Bir olay ya da durum karşısında ortaya çıkan “şaşırma, sevinç, heyecan, korku, acıma ” gibi duyguları ifade etmekte kullanılan sözcüklerdir.
⇒ “eyvah, ah, vah, hey, tüh, hadi, oh, öf, yazık, oley, haydi, uf, aman,…”
- Ey Türk Gençliği!
- Tüh! Nasıl da parçalanmış.
- Hey! Buraya gelsene.
- Öf! Çok sıkıldım.
- Vah vah çok üzüldüm.
- Ay, elim kesildi.
- Yeter be!
- Bravo sana!
- Hah kara gözüktü!
- Ha gayret!
- Elveda sana!
- Eyvah, ne yer, ne yâr kaldı!
- Hey, bana baksana!
- Oh, ne güzel iş!
- Haykırdı, ak tolgalı beylerbeyi “İlerle!”

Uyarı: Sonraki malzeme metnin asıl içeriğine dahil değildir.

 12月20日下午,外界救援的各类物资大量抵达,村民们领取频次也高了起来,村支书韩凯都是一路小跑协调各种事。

- Ooo! Karga cenapları, merhaba!
Ünlem görevindeki sözcükler isim çekim eklerini alarak isim olarak kullanılırlar.
- Baksana ahı vahı kalmamış.
⇒ Yansıma sözcükler de ünlem görevinde kullanılabilir.

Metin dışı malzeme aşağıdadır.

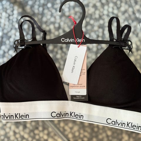 Calvin Klein Triangle er en trekantet BH i grå farge laget av bomull. Den er i størrelse S.
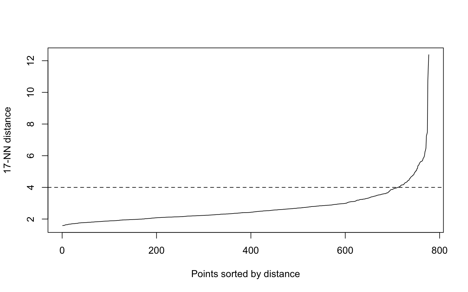 eps: A suitable neighborhood size parameter eps given a fixed value for minPts can be found visually by inspecting the kNNdistplot() of the data using \(k=minPts−1\) (minPts includes the point itself, while the k-nearest neighbors distance does not). The k-nearest neighbor distance plot sorts all data points by their k-nearest neighbor distance. A sudden increase of the kNN distance (a knee) indicates that the points to the right are most likely outliers. Choose eps for DBSCAN where the knee is.

- Dışarıdan güm! diye bir ses geldi.
⇒ Özel isimler ya da bazı sözcükler ünlem olmadıkları halde ünlemleşebilir.
- Ayşe! Hemen buraya gel.
- Komşu! Nerelerdeydiniz bakalım?
⇒ Ünlemler, cümlenin ögeleri bulunurken cümle dışı unsur olarak kabul edilir.